I would've gone with "Repression State" myself, but hey....

Free-speech zones. Taser guns. Hidden cameras. Data mining. A new security curriculum. Private security contractors. Welcome to the homeland security campus.

From Harvard to UCLA, the ivory tower is fast becoming the latest watchtower in Fortress America. The terror warriors, having turned their attention to "violent radicalization and homegrown terrorism prevention"--as it was recently dubbed in a House of Representatives bill of the same name--have set out to reconquer that traditional hotbed of radicalization, the university.

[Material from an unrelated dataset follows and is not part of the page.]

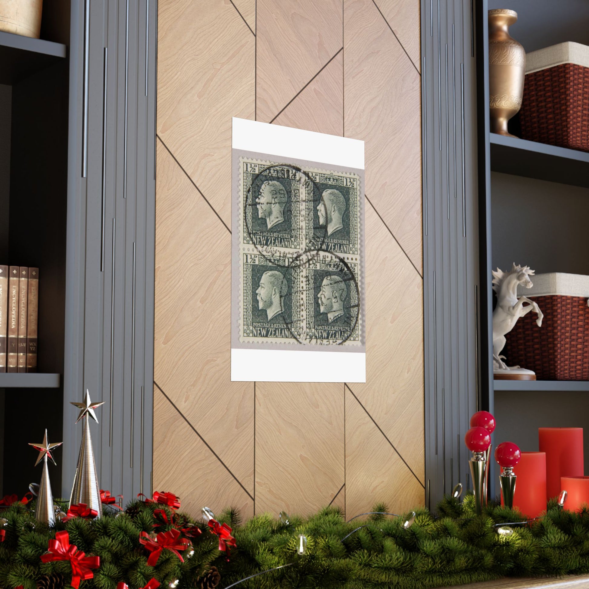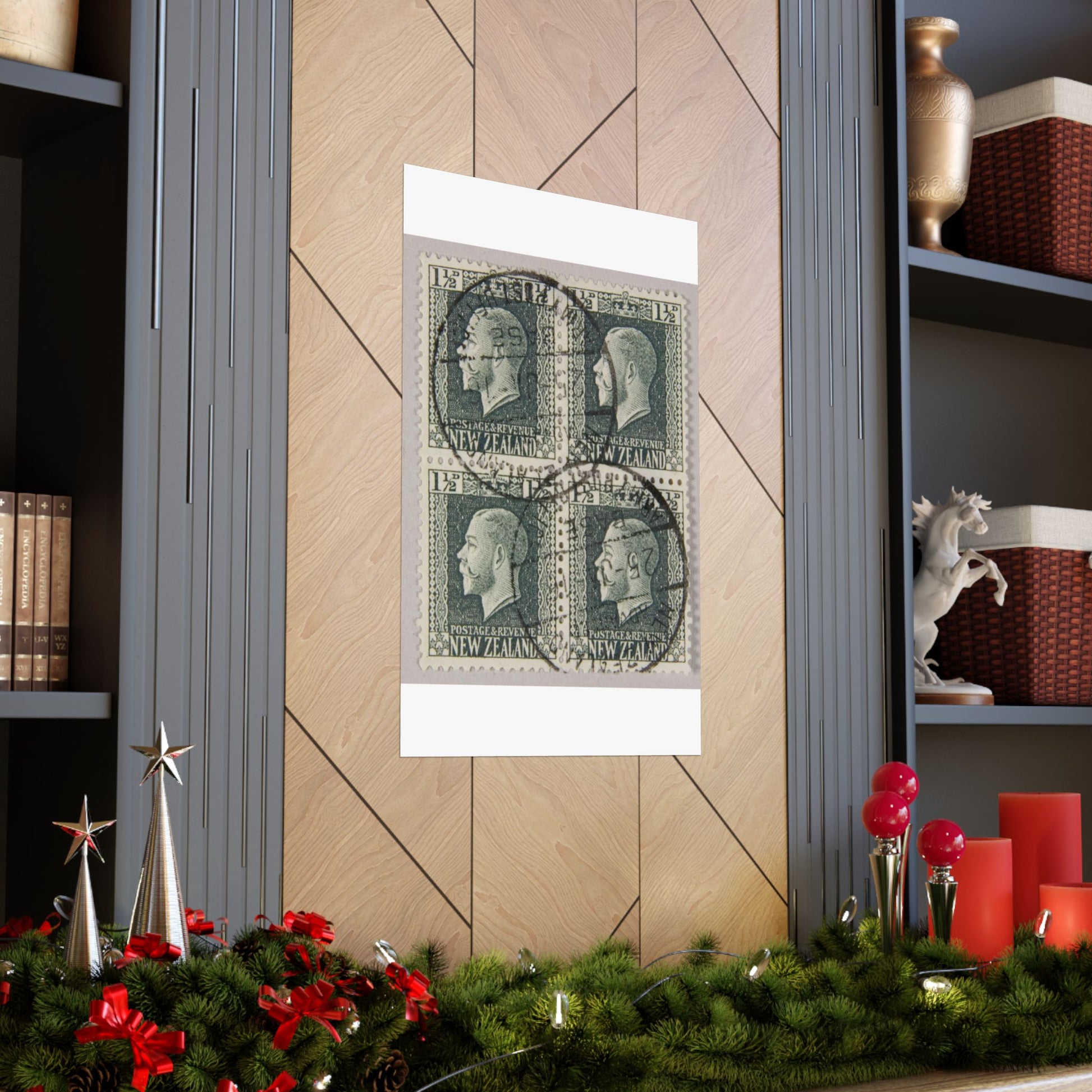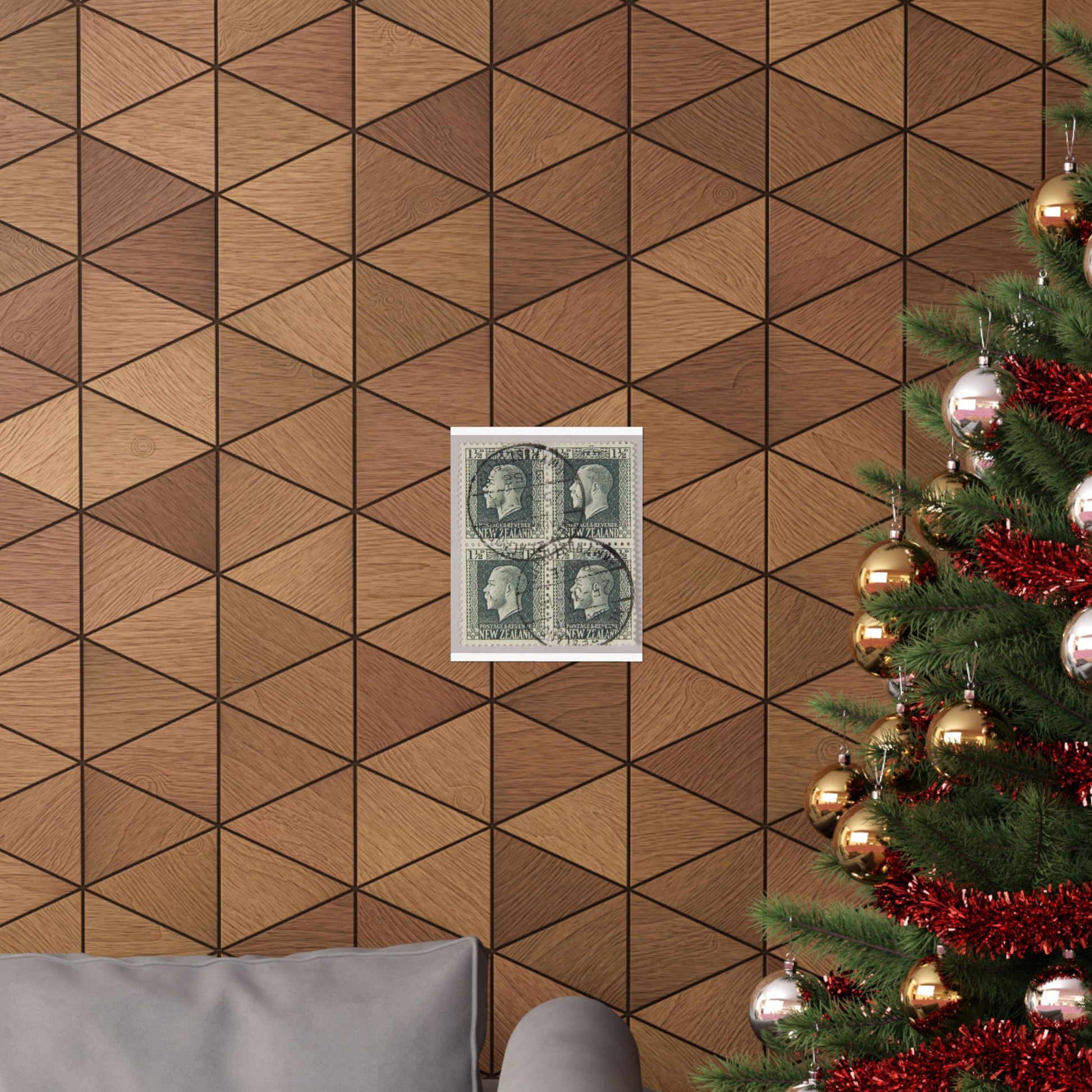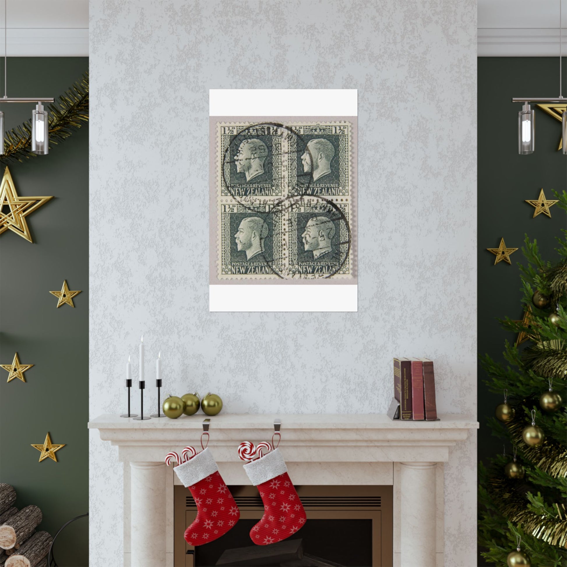 Block of one and a half penny 'King George V' definitive stamps in grey slate High Quality Matte Wall Art Poster for Home, Office, Classroom

Building a homeland security campus and bringing the university to heel is a seven-step mission:

1. Target dissidents. As the warfare state has triggered dissent, the campus has attracted increasing scrutiny--with student protesters in the cross hairs. The government's number-one target? Peace and justice organizations.

...

2. Lock and load. Many campus police departments are morphing into heavily armed garrisons, equipped with a wide array of weaponry, from Taser stun guns and pepper guns to shotguns and semiautomatic rifles.

...

3. Keep an eye (or hundreds of them) focused on campus. Surveillance has become a boom industry nationally--one that now reaches deep into the heart of campuses.

...

4. Mine student records. Student records have in recent years been opened up to all manner of data mining for purposes of investigation, recruitment or just all-purpose tracking.


And so on.... click the link for the whole article; I've omitted a fairly large amount.

One of the things that makes this possible is the corporatization of the university structure. Fight that, and it becomes harder to make, say, Oregon State into Police State.

If I were faculty, I'd be fighting a lot of this under the purview of academic freedom and/or working conditions - how is free inquiry supposed to happen in such an environment?

Hint: It's not. A large part of this is really about reining in anything remotely resembling free inquiry. It has little, if anything, to do with terrorism, and a lot to do with ideology.